Ludwig Wittgenstein, em Sobre A Certeza,a diz que a dúvida pressupõe um horizonte de crenças e que por isso não pode ser um pensamento originário.
Assim, a dúvida teria, inevitavelmente, raízes em crenças. Já a dúvida metódica, proposta por René Descartes nos primórdios da Modernidade, é a atitude, característica do filósofo de inspiração cética, de “duvidar de tudo”, só aceitando como verdadeiro o que resista a essa dúvida radical.
Um dos objetivos centrais deste livro consiste precisamente em mostrar a diferença fundamental entre a filosofia cética antiga, em que a dúvida não tem essa importância, e o pensamento moderno, quando ela consiste na etapa preparatória para a filosofia crítica.
É preciso esclarecer, portanto, até que ponto a dúvida moderna tem raízes no Ceticismo Antigo. O pano de fundo aqui será, pois, o confronto entre o Ceticismo Moderno, que herdamos até hoje e se caracteriza pela dúvida, e o Antigo, em que a noção central não é a dúvida, mas a sképsis, ou investigação, a diaphonía, ou conflito, e a époche, ou suspensão do juízo.
A fim de analisar as raízes da dúvida nesses dois contextos, apontarei as características definidoras do pensamento cético antigo, suas várias vertentes, seu desenvolvimento e posterior crise, chegando à sua quase extinção no contexto do Helenismo e da Antiguidade tardia.

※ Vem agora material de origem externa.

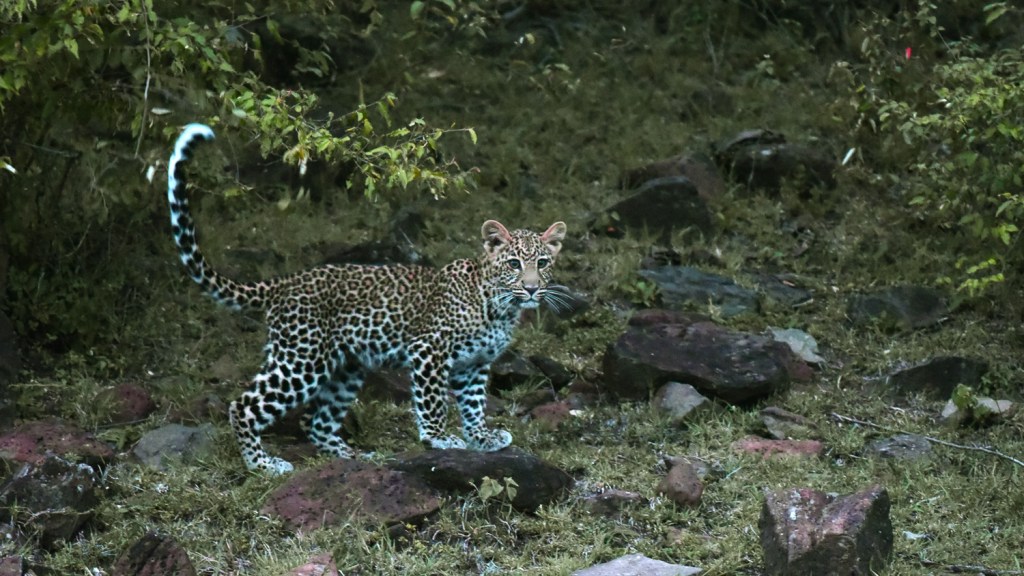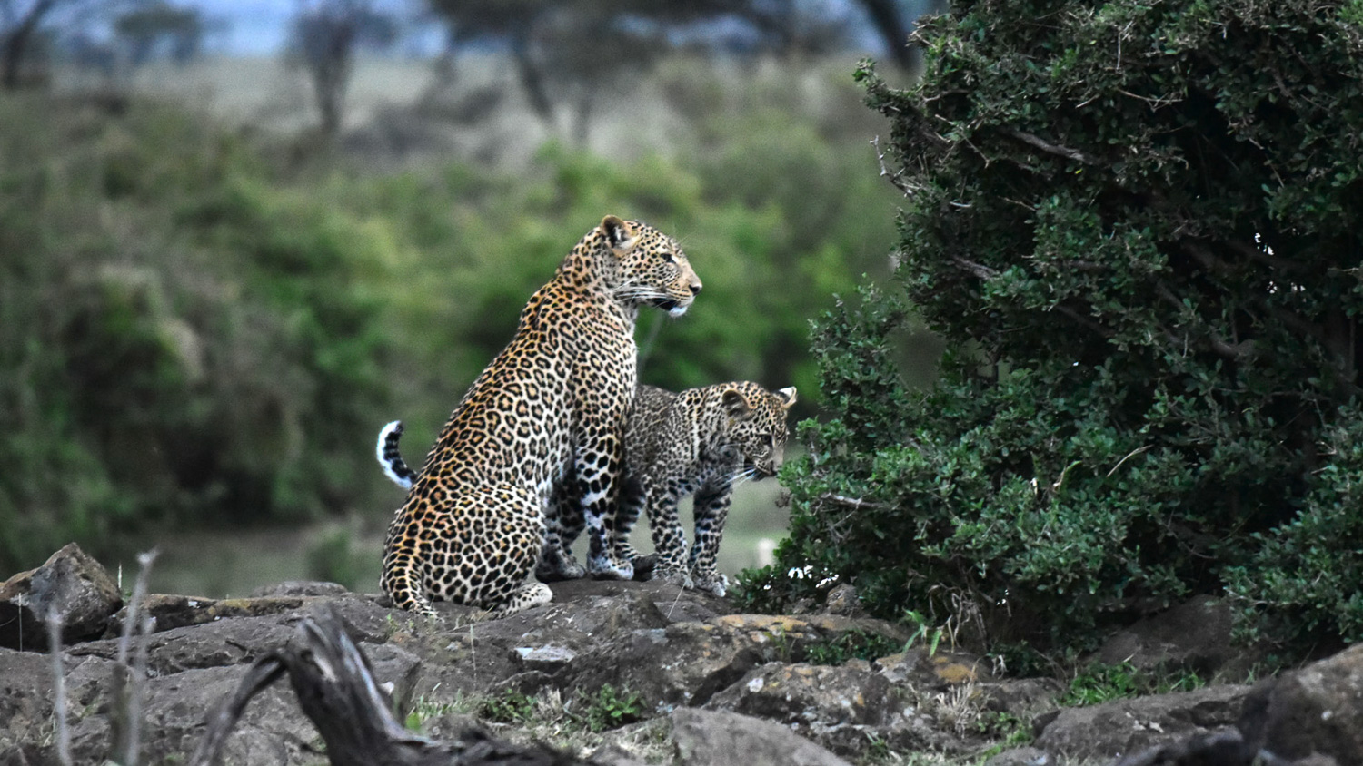 Mother, ‘Natito’, with her six month old male cub, is heading out at dusk to hunt.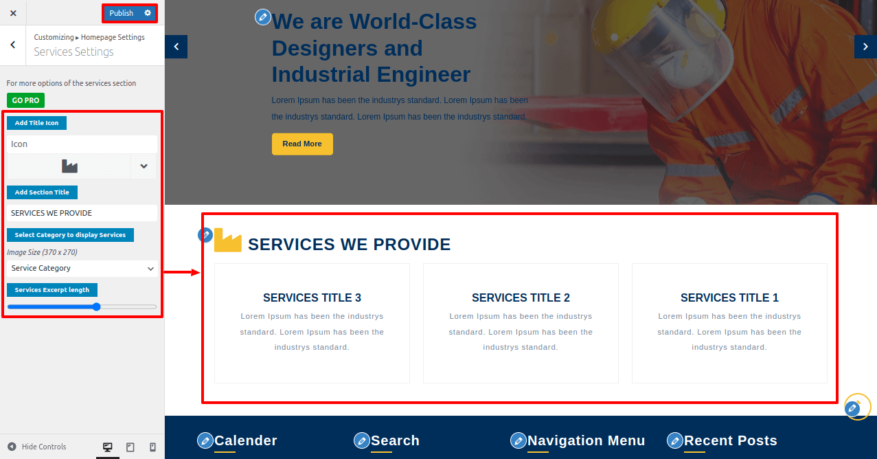 In order to setup services section, follow the below steps.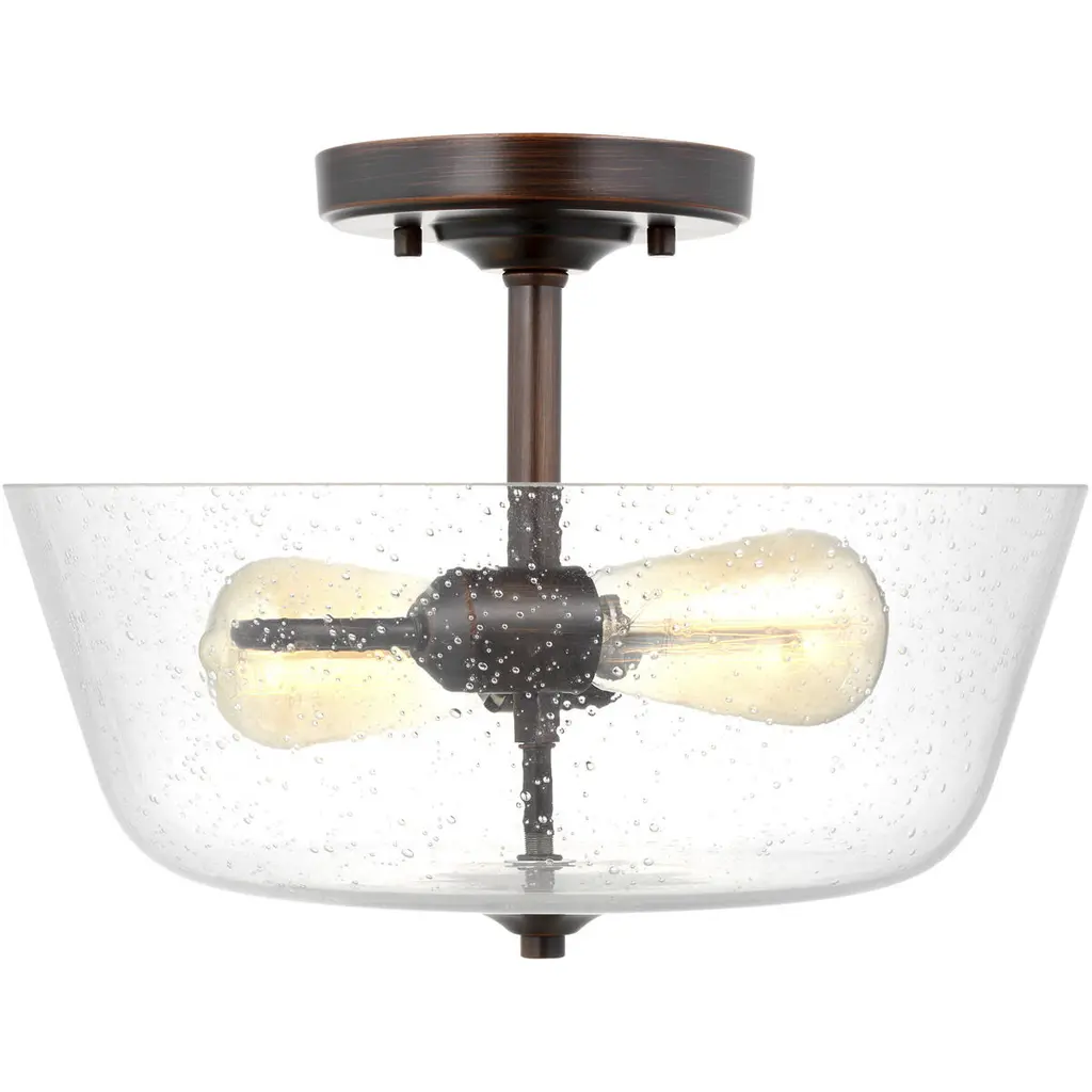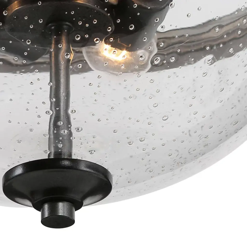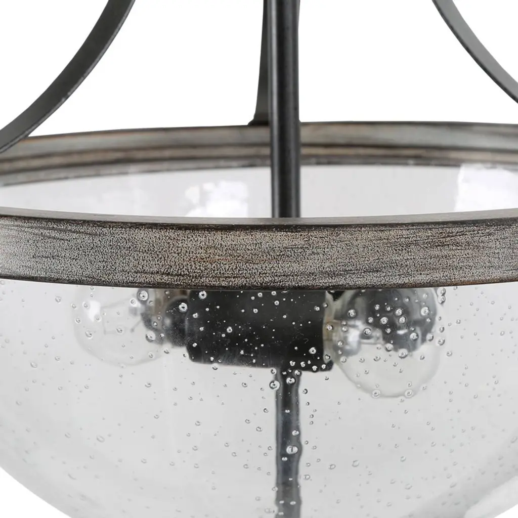Lnc Maven 3-lights 13-in Matte Black And Distressed Gray Seeded Glass Bowl Led Semi-flush Mount Lights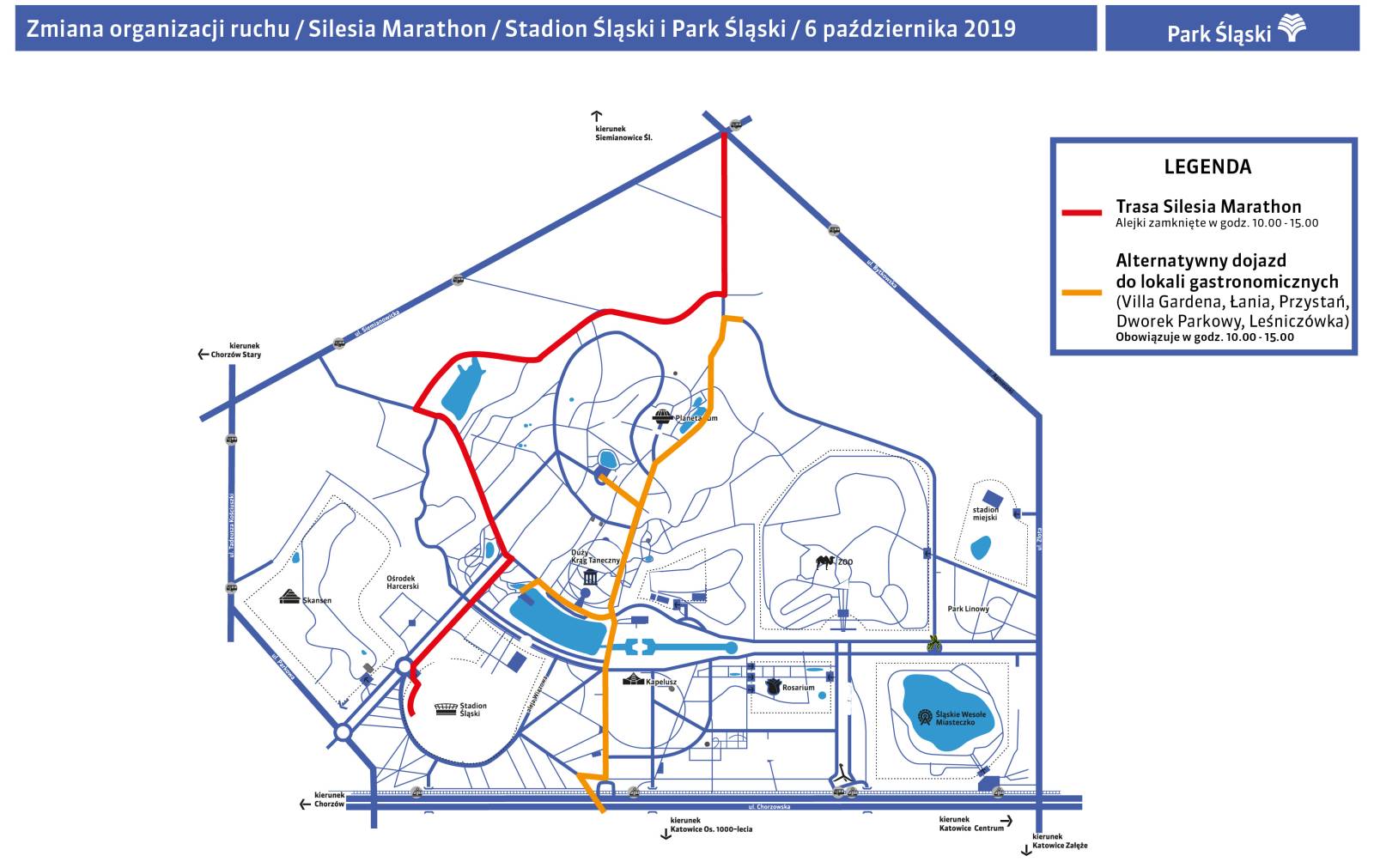 W godzinach od 10:00 do 15:00 ze względu na przebieg trasy biegów zamknięty zostanie wjazd do Parku Śląskiego od ul. Bytkowskiej, z kolei utrudnienia występować będą: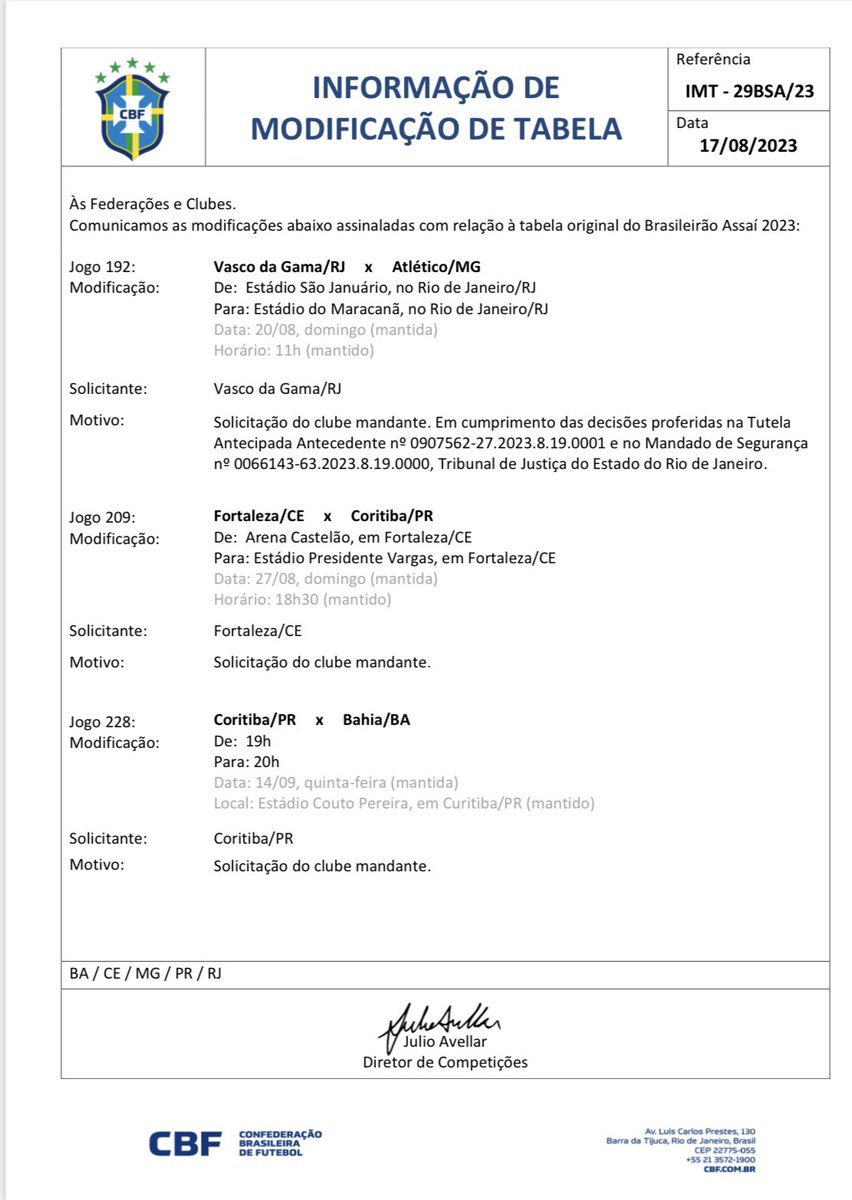 CBF oficializa mudança de Vasco x Atlético-MG para o Maracanã

Em seguida, discutirei os fatores que levaram à sua retomada na Modernidade e à sua consequente transformação, dando origem ao Ceticismo Moderno, o qual, se guarda alguma relação com o Ceticismo Antigo, é ao mesmo tempo profundamente diferente.
A Modernidade é um período histórico marcado pela introdução de novas questões e de novas formas de pensar.
Mesmo que essa ruptura radical com a tradição tenha sido questionada em vários aspectos – por exemplo, pelos chamados continuístas, como A.C. Crombie, que defende, em Medieval and Early Modern Science, as origens medievais da Ciência Moderna, e por historiadores da filosofia como Étienne Gilson, que destaca a influência escolástica em Descartes –, ainda assim a originalidade do pensamento moderno em relação ao que o antecedeu é evidente em vários sentidos, conforme veremos.